I make a movement, and feel great pain. Of course, that is as it should be—otherwise is impossible.
Absolute quiet. A fly is buzzing in the air, and then bumps itself against the windowpane. The double windows have not yet been taken out, but through them comes the rattle of the droshkies passing along the street. The faint smoke clears away before my eyes—a strange bluish smoke—and I see clearly on the ceiling a coarsely modelled rosette round the hook for a candelabra. I think that this is a very strange ornament. I have never noticed it before. And somebody is touching my arm. I turn my head and see somebody’s hand—a little soft white hand lying on the floor. I cannot get at it, and I am dreadfully sorry, because this is Nadia’s hand, whom I love more than anybody or anything else in the world. …
And suddenly a bright gleam of consciousness illuminates me, and in a flash I remember all that has happened. … He has killed her.
Impossible! Impossible! She is alive. She is only wounded. “Help! help!” I cry, but no sound is heard. Only a kind of gurgling in my chest which chokes me, and a rosy froth collects on my lips. He has killed me also.
Collecting my strength, I raised myself and looked at her face. Her eyes were closed and she was motionless. I felt how the very hair on my head moved. I wanted to become unconscious. I fell on her breast, and commenced to smother with kisses the face which but half an hour ago had been full of life and happiness, and had so confidingly snuggled to my heart. Now it was still and severe. The blood had already ceased to trickle from a little wound over one eye. She was dead.

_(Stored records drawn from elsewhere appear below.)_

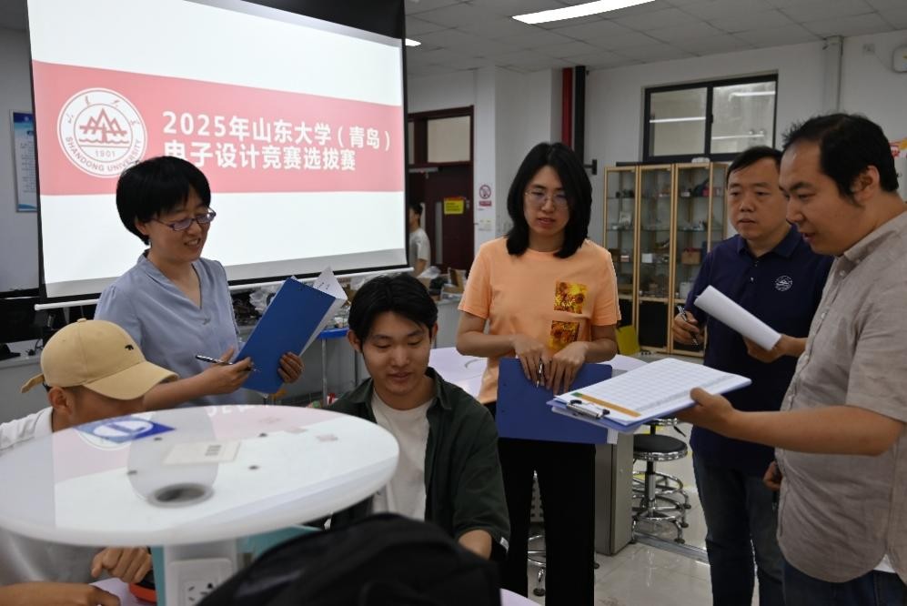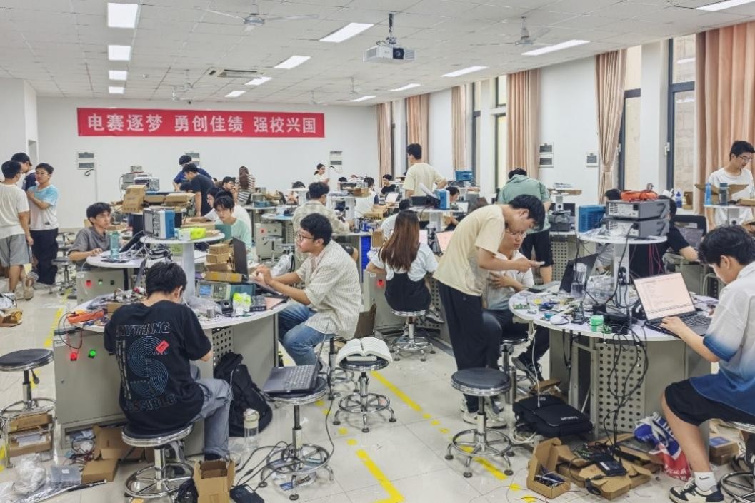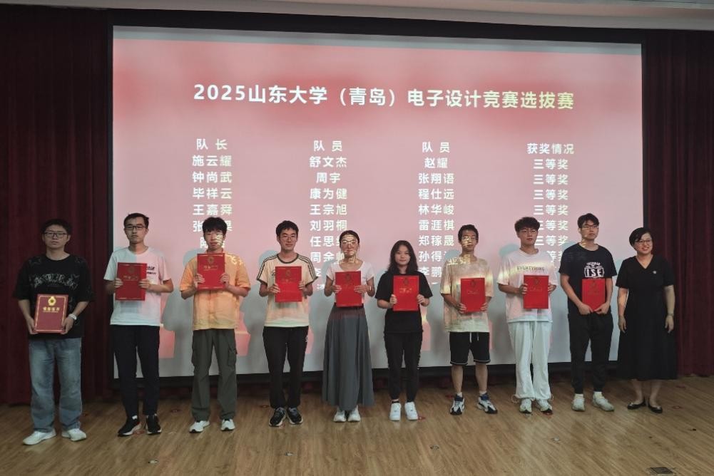 厚积薄发,砥砺前行。面对本届赛事选拔机制的重大调整,学院高度重视、积极应对。自2025年初起便组织多支队伍进入实验室开展系统训练与科学备赛。经过校赛选拔,7月7日,必赢76net线路官网(青岛)电子设计竞赛选拔赛颁奖典礼暨大学生电子设计竞赛暑期培训开班仪式举行,40支队伍120名学生在淦昌苑B座实验室开展为期三周的暑期集训。8月5日,我院38支队伍携作品赴青岛大学参加2025年TI杯全国大学生电子设计竞赛山东赛区现场测评。8月10日,12支队伍进入综合测评环节,最终6支队伍脱颖而出,获得晋级全国总测评复测的资格,并于8月20日至22日赴大连参加全国总测评复测环节,角逐最高奖项。
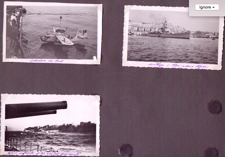 |  hydravion du bord - mouillage a alger croiseur algerie - exercise de fumee
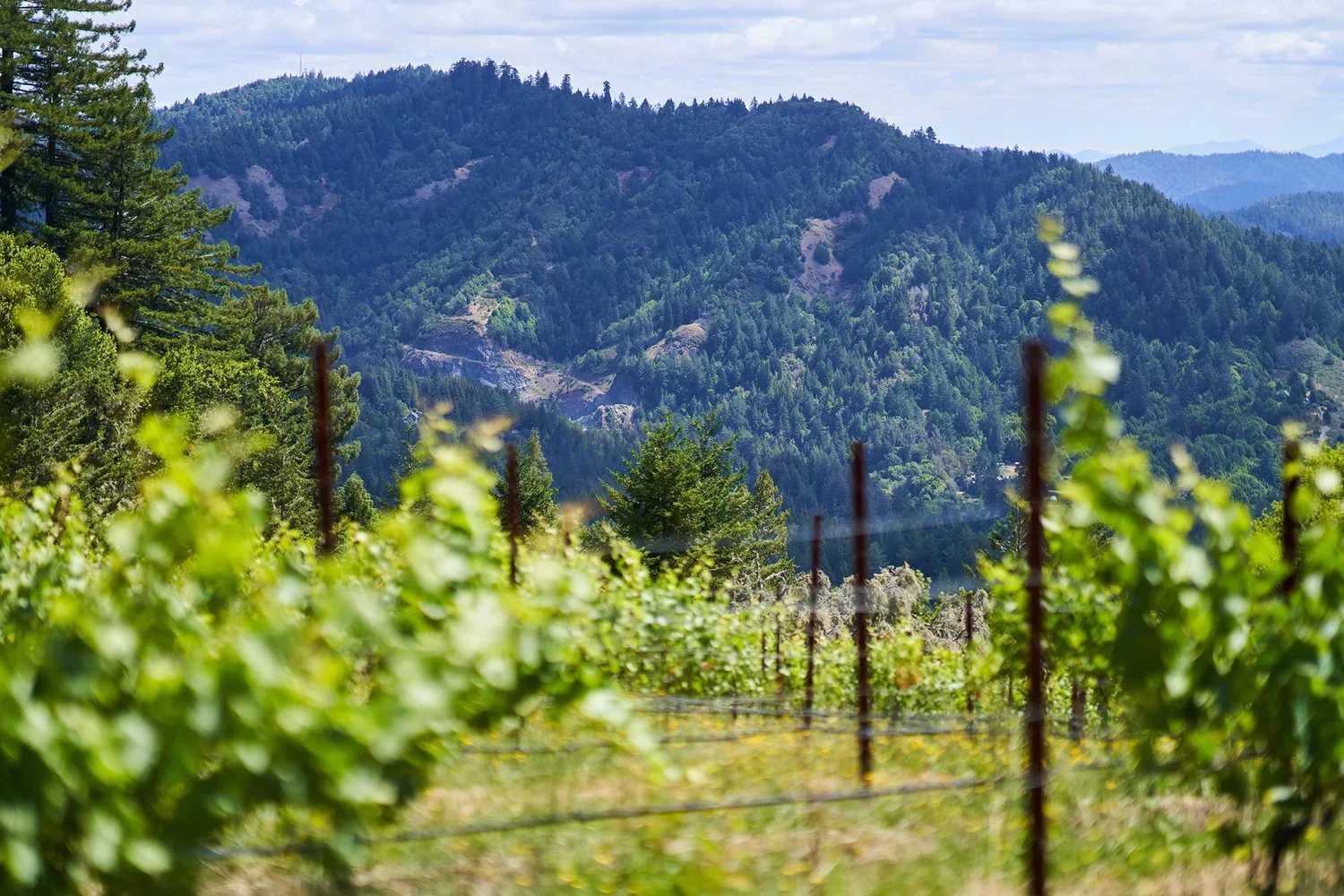 West of Napa, beyond the Mayacamas mountains, the Russian River Valley offers a completely different environment for grape growing. Here the nearby Pacific Ocean plays a defining role in shaping the climate. Each evening, cool fog moves inland through gaps in the coastal hills and blankets the vineyards.

When they burst open the door and Simon Ivanovich rushed towards me, I felt that I was at my last gasp. They lifted me up and placed me on the sofa. I saw how they took hold of her and carried her out. I wanted to cry out, to beg, implore them not to do it, but to leave her alongside me. But I could not cry out. I only noiselessly whispered whilst the doctor examined my chest, through which a bullet had passed.
They took him out. He lay with a severe and terrible face covered in blood, which had poured like a wave from a mortal wound on his head.
I am finishing now. What is there to add?
Sonia arrived almost immediately, summoned by a telegram from Simon Ivanovich. They have been treating me for a long time, and persistently continue to treat me. Sonia and Helfreich are convinced that I shall live. They want to take me abroad, and rely on this journey as on a mountain of stone.
But I feel I have only a few days more. My wound has closed, but my chest is being racked by another disease. I know I have consumption. And, thirdly, a still more terrible disease is helping it. I cannot for one minute forget Nadejda Nicolaievna and Bezsonow. The appalling details of that last day stand eternally before my mental gaze, and a voice without ceasing whispers into my ear that I have killed a man.
They did not try me. The case was quashed. It was recognized that I killed in self-defence.
But for the human conscience there are no written laws, no doctrine of irresponsibility, and I am suffering punishment for my crime. I shall not suffer it long. Soon the All-Merciful will forgive me, and we three will meet where our passions and sufferings will seem insignificant in the light of everlasting love.